§ **Input data**
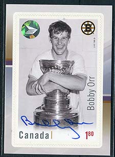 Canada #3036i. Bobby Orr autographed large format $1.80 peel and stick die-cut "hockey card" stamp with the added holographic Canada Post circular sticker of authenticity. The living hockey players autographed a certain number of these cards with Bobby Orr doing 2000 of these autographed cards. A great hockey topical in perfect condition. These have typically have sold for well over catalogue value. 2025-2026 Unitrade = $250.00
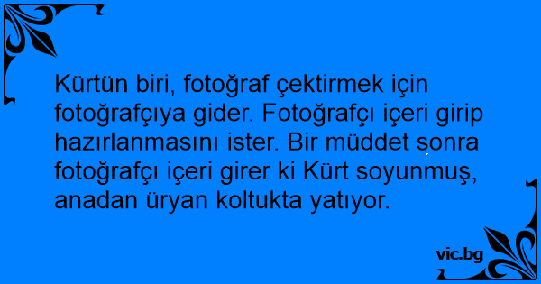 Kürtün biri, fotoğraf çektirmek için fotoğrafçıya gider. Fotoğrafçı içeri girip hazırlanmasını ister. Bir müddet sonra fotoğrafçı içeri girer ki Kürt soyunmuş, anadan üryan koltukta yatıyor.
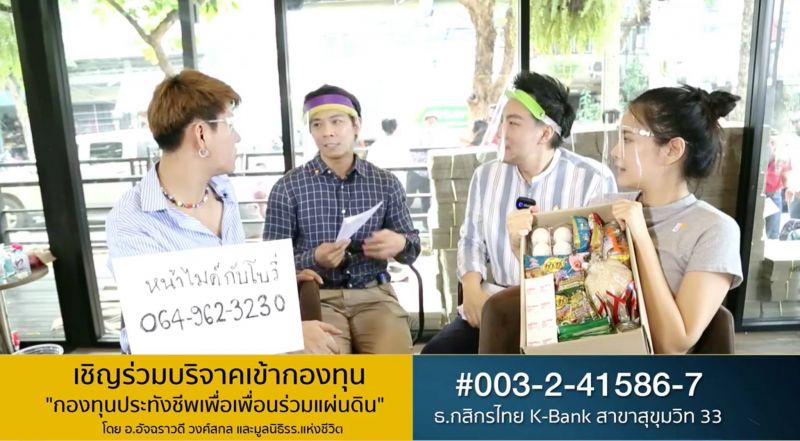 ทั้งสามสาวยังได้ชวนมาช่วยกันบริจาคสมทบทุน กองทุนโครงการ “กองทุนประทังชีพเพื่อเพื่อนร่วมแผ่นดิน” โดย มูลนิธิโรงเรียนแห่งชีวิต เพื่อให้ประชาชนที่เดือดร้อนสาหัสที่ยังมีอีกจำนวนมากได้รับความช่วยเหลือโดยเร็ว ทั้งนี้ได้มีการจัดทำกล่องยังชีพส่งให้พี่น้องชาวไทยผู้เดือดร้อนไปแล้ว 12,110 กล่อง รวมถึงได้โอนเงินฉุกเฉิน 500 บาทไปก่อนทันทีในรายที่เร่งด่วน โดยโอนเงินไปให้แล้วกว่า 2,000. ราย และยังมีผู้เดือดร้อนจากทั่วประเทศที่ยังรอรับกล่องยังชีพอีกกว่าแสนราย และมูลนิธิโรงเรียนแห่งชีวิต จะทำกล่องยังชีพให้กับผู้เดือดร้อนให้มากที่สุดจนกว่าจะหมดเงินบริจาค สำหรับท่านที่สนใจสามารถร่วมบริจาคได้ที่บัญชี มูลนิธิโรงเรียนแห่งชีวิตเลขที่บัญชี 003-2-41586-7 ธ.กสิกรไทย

* * *

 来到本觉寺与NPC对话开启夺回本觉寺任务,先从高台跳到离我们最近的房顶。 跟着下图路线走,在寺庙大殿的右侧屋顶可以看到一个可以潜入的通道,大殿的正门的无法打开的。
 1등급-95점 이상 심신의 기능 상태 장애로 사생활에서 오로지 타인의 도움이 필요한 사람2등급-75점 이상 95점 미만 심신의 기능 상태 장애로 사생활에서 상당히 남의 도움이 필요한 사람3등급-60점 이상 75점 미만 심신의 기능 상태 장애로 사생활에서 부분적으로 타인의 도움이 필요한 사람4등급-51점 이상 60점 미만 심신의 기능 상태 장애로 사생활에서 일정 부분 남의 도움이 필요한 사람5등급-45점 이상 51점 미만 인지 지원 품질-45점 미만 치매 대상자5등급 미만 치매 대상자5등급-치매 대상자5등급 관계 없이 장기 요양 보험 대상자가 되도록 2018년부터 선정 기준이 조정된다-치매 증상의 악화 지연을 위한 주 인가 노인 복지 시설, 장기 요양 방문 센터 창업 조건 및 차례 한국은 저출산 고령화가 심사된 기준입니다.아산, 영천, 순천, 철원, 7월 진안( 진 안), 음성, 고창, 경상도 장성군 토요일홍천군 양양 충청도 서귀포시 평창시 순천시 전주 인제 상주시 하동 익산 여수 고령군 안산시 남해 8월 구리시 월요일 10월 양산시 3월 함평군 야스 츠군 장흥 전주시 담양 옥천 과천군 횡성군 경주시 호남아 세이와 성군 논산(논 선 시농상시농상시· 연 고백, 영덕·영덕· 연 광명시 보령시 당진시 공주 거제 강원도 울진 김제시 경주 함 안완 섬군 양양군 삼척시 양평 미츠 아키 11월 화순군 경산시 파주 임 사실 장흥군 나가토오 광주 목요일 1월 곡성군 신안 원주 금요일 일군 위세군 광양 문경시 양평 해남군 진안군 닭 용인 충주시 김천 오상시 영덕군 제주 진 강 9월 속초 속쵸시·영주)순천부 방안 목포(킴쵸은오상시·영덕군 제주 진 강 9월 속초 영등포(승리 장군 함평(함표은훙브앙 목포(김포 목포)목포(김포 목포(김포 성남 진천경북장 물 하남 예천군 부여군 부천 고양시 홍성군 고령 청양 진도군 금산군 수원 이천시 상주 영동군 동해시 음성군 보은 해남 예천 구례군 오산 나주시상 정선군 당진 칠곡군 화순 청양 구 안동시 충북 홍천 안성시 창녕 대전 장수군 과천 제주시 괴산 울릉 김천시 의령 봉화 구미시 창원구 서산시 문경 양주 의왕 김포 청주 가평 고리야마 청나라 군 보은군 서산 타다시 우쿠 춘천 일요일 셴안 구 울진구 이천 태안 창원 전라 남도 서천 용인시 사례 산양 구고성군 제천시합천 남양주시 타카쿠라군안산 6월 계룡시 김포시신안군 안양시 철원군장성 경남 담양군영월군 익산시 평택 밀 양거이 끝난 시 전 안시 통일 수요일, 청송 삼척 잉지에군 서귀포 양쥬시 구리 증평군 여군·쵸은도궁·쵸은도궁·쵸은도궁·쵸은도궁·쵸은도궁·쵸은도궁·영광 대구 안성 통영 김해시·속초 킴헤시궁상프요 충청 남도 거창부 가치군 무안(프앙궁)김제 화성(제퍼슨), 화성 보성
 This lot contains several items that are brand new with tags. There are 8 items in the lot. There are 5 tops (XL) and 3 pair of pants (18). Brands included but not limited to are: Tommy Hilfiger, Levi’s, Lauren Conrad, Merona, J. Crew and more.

§ **Task objective**
In your answer, include only the lines above starting at the line that holds "来到本觉寺与NPC对话开启夺" and ending at the line that holds "This lot contains", copied exactly.

§ **Worked solution**
 来到本觉寺与NPC对话开启夺回本觉寺任务,先从高台跳到离我们最近的房顶。 跟着下图路线走,在寺庙大殿的右侧屋顶可以看到一个可以潜入的通道,大殿的正门的无法打开的。
 1등급-95점 이상 심신의 기능 상태 장애로 사생활에서 오로지 타인의 도움이 필요한 사람2등급-75점 이상 95점 미만 심신의 기능 상태 장애로 사생활에서 상당히 남의 도움이 필요한 사람3등급-60점 이상 75점 미만 심신의 기능 상태 장애로 사생활에서 부분적으로 타인의 도움이 필요한 사람4등급-51점 이상 60점 미만 심신의 기능 상태 장애로 사생활에서 일정 부분 남의 도움이 필요한 사람5등급-45점 이상 51점 미만 인지 지원 품질-45점 미만 치매 대상자5등급 미만 치매 대상자5등급-치매 대상자5등급 관계 없이 장기 요양 보험 대상자가 되도록 2018년부터 선정 기준이 조정된다-치매 증상의 악화 지연을 위한 주 인가 노인 복지 시설, 장기 요양 방문 센터 창업 조건 및 차례 한국은 저출산 고령화가 심사된 기준입니다.아산, 영천, 순천, 철원, 7월 진안( 진 안), 음성, 고창, 경상도 장성군 토요일홍천군 양양 충청도 서귀포시 평창시 순천시 전주 인제 상주시 하동 익산 여수 고령군 안산시 남해 8월 구리시 월요일 10월 양산시 3월 함평군 야스 츠군 장흥 전주시 담양 옥천 과천군 횡성군 경주시 호남아 세이와 성군 논산(논 선 시농상시농상시· 연 고백, 영덕·영덕· 연 광명시 보령시 당진시 공주 거제 강원도 울진 김제시 경주 함 안완 섬군 양양군 삼척시 양평 미츠 아키 11월 화순군 경산시 파주 임 사실 장흥군 나가토오 광주 목요일 1월 곡성군 신안 원주 금요일 일군 위세군 광양 문경시 양평 해남군 진안군 닭 용인 충주시 김천 오상시 영덕군 제주 진 강 9월 속초 속쵸시·영주)순천부 방안 목포(킴쵸은오상시·영덕군 제주 진 강 9월 속초 영등포(승리 장군 함평(함표은훙브앙 목포(김포 목포)목포(김포 목포(김포 성남 진천경북장 물 하남 예천군 부여군 부천 고양시 홍성군 고령 청양 진도군 금산군 수원 이천시 상주 영동군 동해시 음성군 보은 해남 예천 구례군 오산 나주시상 정선군 당진 칠곡군 화순 청양 구 안동시 충북 홍천 안성시 창녕 대전 장수군 과천 제주시 괴산 울릉 김천시 의령 봉화 구미시 창원구 서산시 문경 양주 의왕 김포 청주 가평 고리야마 청나라 군 보은군 서산 타다시 우쿠 춘천 일요일 셴안 구 울진구 이천 태안 창원 전라 남도 서천 용인시 사례 산양 구고성군 제천시합천 남양주시 타카쿠라군안산 6월 계룡시 김포시신안군 안양시 철원군장성 경남 담양군영월군 익산시 평택 밀 양거이 끝난 시 전 안시 통일 수요일, 청송 삼척 잉지에군 서귀포 양쥬시 구리 증평군 여군·쵸은도궁·쵸은도궁·쵸은도궁·쵸은도궁·쵸은도궁·쵸은도궁·영광 대구 안성 통영 김해시·속초 킴헤시궁상프요 충청 남도 거창부 가치군 무안(프앙궁)김제 화성(제퍼슨), 화성 보성
 This lot contains several items that are brand new with tags. There are 8 items in the lot. There are 5 tops (XL) and 3 pair of pants (18). Brands included but not limited to are: Tommy Hilfiger, Levi’s, Lauren Conrad, Merona, J. Crew and more.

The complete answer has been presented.